Figure 5. 2-APB effect on the caffeine-induced [Ca2+]i oscillations.

Figure 5

A, [Ca2+]i oscillations induced by prolonged application of caffeine (3 mM, 7 min). B, When 2-APB (100 µM) was co-applied, [Ca2+]i oscillations elicited by 3 mM caffeine was abolished. C, The average number of Ca2+ transients induced by caffeine (3 mM, 7 min) in the control group and the 2-APB group. * denotes statistical significance of p<0.05 with independent-samples t test.

Taken together, these results show that SOCs are expressed in carp H1 HCs, and can be activated by thapsigargin-induced ER depletion; when depleted by caffeine, the ER can be refilled by Ca2+ entry via SOCs.

Discussion

In the present study, we investigated the mechanisms of release, depletion, and refilling of ER Ca2+ in carp retinal HCs. H1 HCs of carp were stimulated by caffeine under various conditions, [Ca2+]i changes were recorded using a fluo-3-based Ca2+ imaging technique.

Our experimental results demonstrated that exogenous application of caffeine induced [Ca2+]i increases in a concentration- and duration-dependent manner, with each [Ca2+]i transient initiated by RyR activation. Extracellular Ca2+ was required for ER replenishment in the caffeine-induced [Ca2+]i oscillations. Ca2+ influx via L-VGCCs contributed to the ER refilling, while SOCs expressed on H1 HCs were necessary for the ER refilling.

Temporal Patterns of the Caffeine-induced [Ca2+]i Responses

Caffeine has long been used as a RyR agonist for studying RyR-mediated Ca2+ release from the intracellular Ca2+ stores [15], [16], and caffeine-induced Ca2+ release has been observed in many types of neurons containing the ryanodine-sensitive ER [5]. In general, when the ER is filled with Ca2+, caffeine application can induce [Ca2+]i increases even in the absence of extracellular Ca2+, and caffeine-induced Ca2+ responses can be blocked by high concentration of ryanodine. Such processes were also observed in the present study. However, the temporal characteristics of caffeine-induced Ca2+ responses varied with cell types. When exposed to caffeine, transient increase in [Ca2+]i was observed in neurons such as carp retinal bipolar cells, rat spiral ganglion neurons, and rat primary sensory neurons [33], [34], [35], while sustained increase in [Ca2+]i and [Ca2+]i oscillations were observed in honeybee photoreceptors [36] and bullfrog sympathetic neurons [37], [38], respectively. Meanwhile, elevation in caffeine concentration (5–30 mM) increased the frequency of caffeine-induced Ca2+ oscillations in bullfrog sympathetic neurons. Similar to bullfrog sympathetic neurons, caffeine (3–20 mM) also induced oscillatory responses in carp H1 HCs in a concentration-dependent manner – when the concentration of caffeine was increased, the time interval between the two adjacent response peaks was decreased. However, the frequency ranges of caffeine-induced [Ca2+]i oscillations observed in bullfrog sympathetic neurons were much lower when compared with that in carp H1 HCs. On the other hand, while the amplitudes of oscillatory caffeine-induced [Ca2+]i increases were basically unaltered in bullfrog sympathetic neurons during the time course of caffeine application, a decreasing tendency was observed in the amplitudes of the oscillatory caffeine-induced [Ca2+]i increases in carp H1 HCs, such differences might result from the differences in frequency ranges. At low oscillation frequencies, depleted ER might be fully refilled, so the amplitudes of the oscillatory caffeine-induced [Ca2+]i increases were basically unaltered in bullfrog sympathetic neurons, while that measured in carp H1 HCs in our experiments had a decreasing tendency.

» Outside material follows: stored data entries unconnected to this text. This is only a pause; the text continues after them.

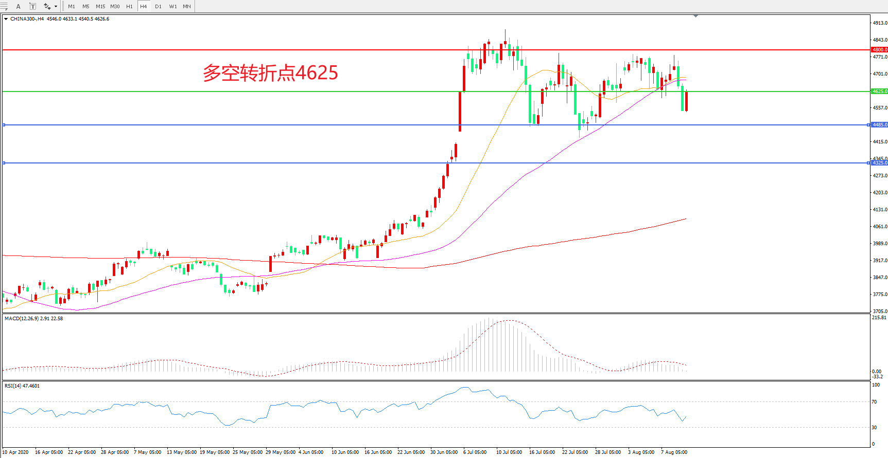 多空转折点:4625.00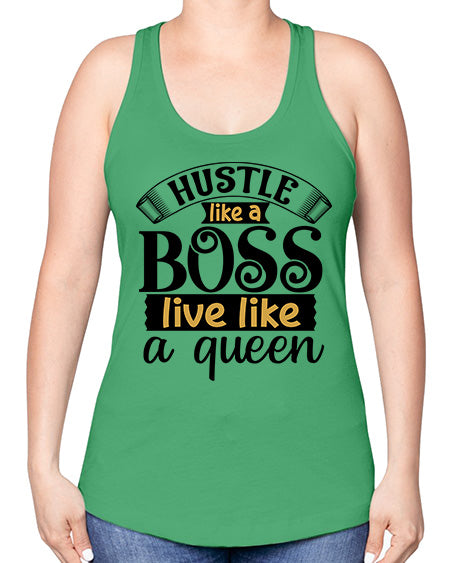 Hustle like a boss live like a queen Style 36# - black girls or women -Racerback Tank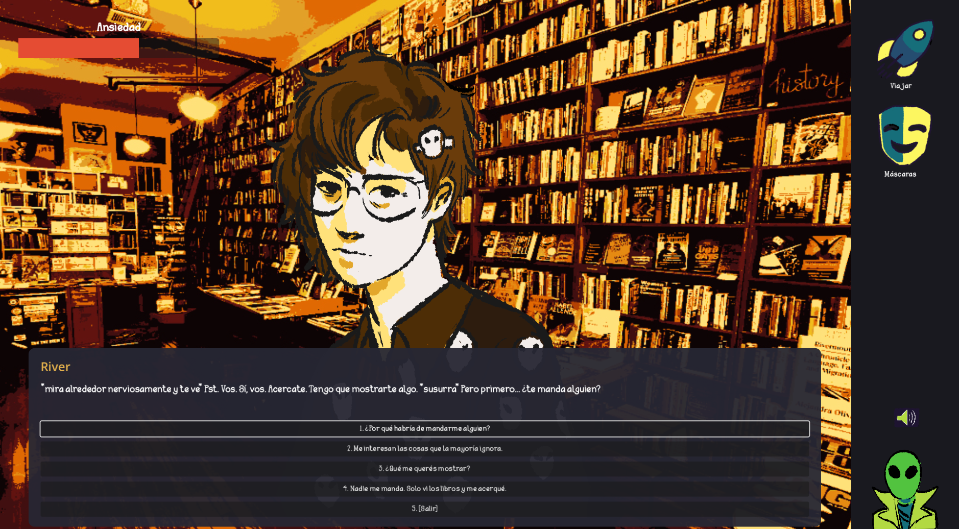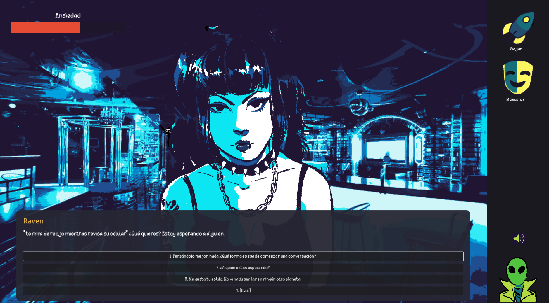 "Coatalien Mask" es un juego de aventura point and click en el que vives la experiencia de ser un alienígena que llega al planeta Tierra con la misión de investigar a la humanidad. Tu objetivo es aprender sobre los humanos, entender cómo encajar y formar amistades genuinas. Sin embargo, tu verdadera identidad alienígena debe permanecer oculta, por lo que utilizas máscaras para esconder tu rostro. A medida que interactúas con distintos humanos con personalidades variadas, consigues nuevas máscaras que te permiten adoptar diferentes personalidades. Al aprender a conectar con cada persona, no solo haces nuevos amigos, sino que desbloqueas más formas de relacionarte con diferentes tipos de personas. Cuanto más comprendes a tus nuevos amigos, más máscaras consigues, cada una representando una forma distinta de interactuar con los demás.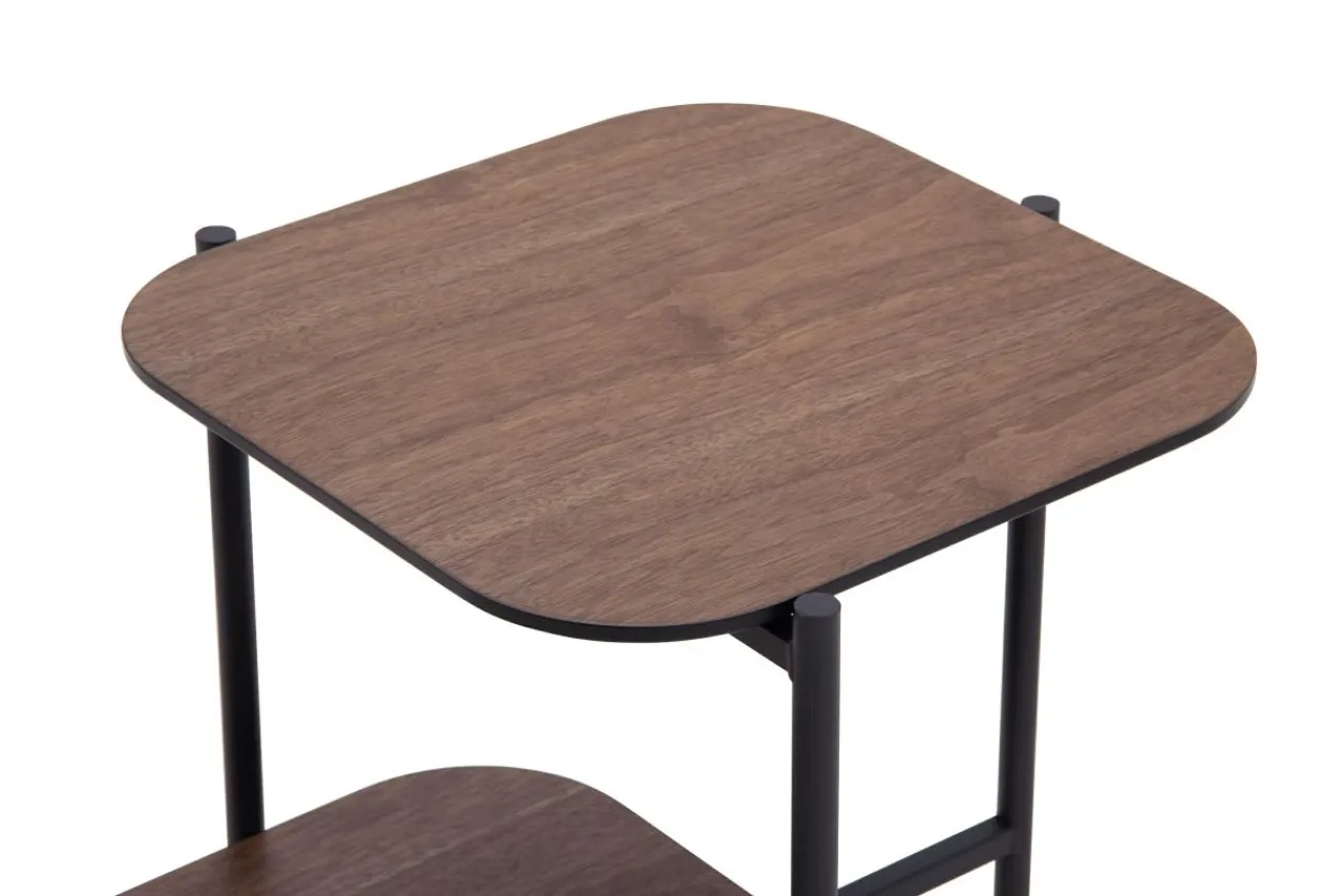 - Ciemny kolor drewna w połączeniu z czarnymi, metalowymi nogami doskonale sprawdzi się w salonie urządzonym w stylu loftowym.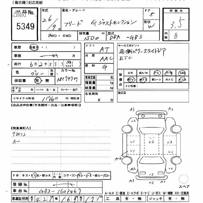 HONDA FREED 2014 г., лот № 5349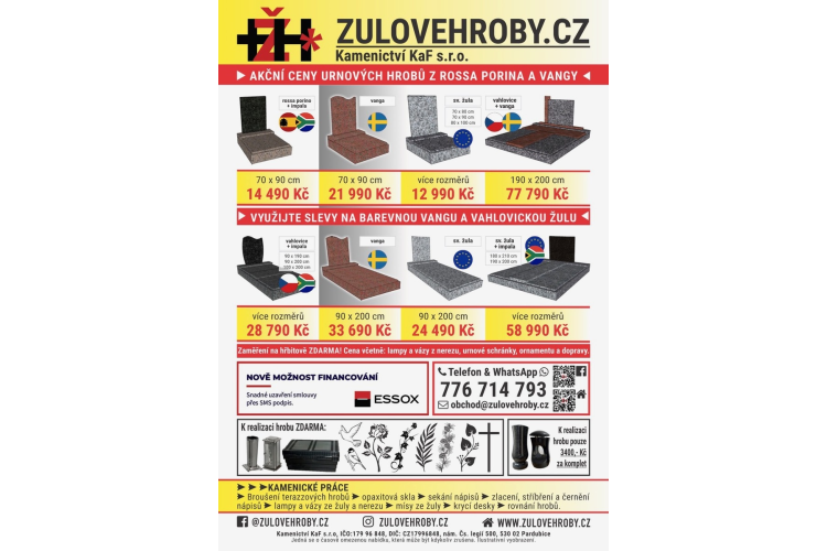 Kamenictví KaF s.r.o. - žulové hroby bude ve středu 14.8. a 21.8.2024 v 13:00 -13:20 přijímat objednávky k opravám hrobů. 7.8.2024 Žulové hroby Kamenictví KaF s.r.o. bude ve středu 14. a 21.8.2024 od 13:00 do 13:20 hodin na našem hřbitově přijímat objednávky na opravy hrobů. Číst více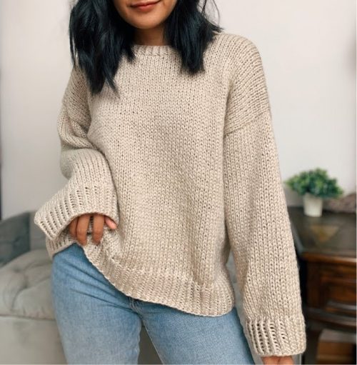 If you are looking for a no-sewing knit pattern, this loose sweater by Knictro Addict comes with an easy-to-follow video tutorial and step-by-step instructions. It is available in women’s sizes XS-XXL. Knit a top-down sweater together.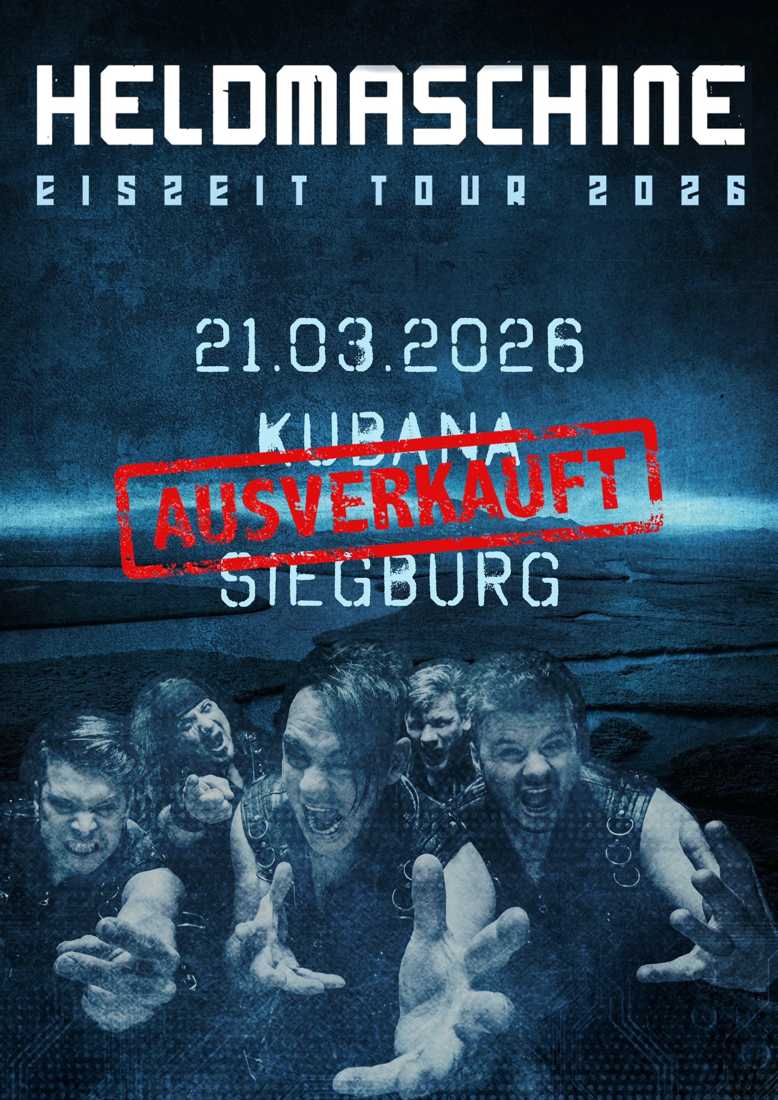 Wegen großer Nachfrage geht die Koblenzer Band 2026 erneut auf Tour! Das letzte Jahr zeigte überwiegend ausverkaufte Clubs. Und die bereits legendäre Heldmaschine-Show mit ihrem unverwechselbar wuchtigen Sound wird nochmals erweitert! Nach erfolgreichen Deutschland-und Europatouren mit Eisbrecher kann HELDMASCHINE es daher kaum erwarten, im März 2026 endlich wieder loszuziehen. Ihre unvergleichlich kraftvolle Live-Energie wird die HELDMASCHINE Eiszeit Tour 2026 zu einem garantiert einmaligen Erlebnis machen. Mit der aktuellen Show beweisen HELDMASCHINE erneut, eine der besten Livebands des Landes zu sein. Freut euch auf ganz große Momente mit HELDMASCHINE!

The Molecular Mechanisms of SOCE

SOCE is a process by which the depletion of ER Ca2+ activates Ca2+ influx across the plasma membrane (PM) [30], the concept of which was proposed by Putney in 1986 [29]. Since then, growing evidence revealed that SOCE is a ubiquitous Ca2+ influx pathway that exists in a variety of cell types, including neurons [39] and non-excitable cells [40]. In recent years, it was found that stromal interaction molecule (STIM) proteins are sensors of the ER Ca2+ content [41], [42]. The EF-hand domain of STIM residing in the ER lumen senses the free Ca2+ concentration inside the lumen of the ER ([Ca2+]ER). Two types of STIM-regulated SOCs have been described: the Orai channels [43], [44], [45] and transient receptor potential canonical (TRPC) channels [46], [47]. Upon store depletion, STIM proteins and SOCs translocate and cluster at the PM-ER junctions, leading to the formation of the STIM-Orai [44], [48] and STIM-TRPC [49] complexes and SOC activation. Activated SOCs mediateCa2+ influx to refill depleted intracellular stores and regulate cellular processes [50], [51]. The Orai channels and TRPC channels can both be inhibited by 2-APB [32], [52], [53]. So based on our experimental results, it’s hard to tell whether it is Orai channels or TRPC channels that mediated the store-operated Ca2+ entry in HCs.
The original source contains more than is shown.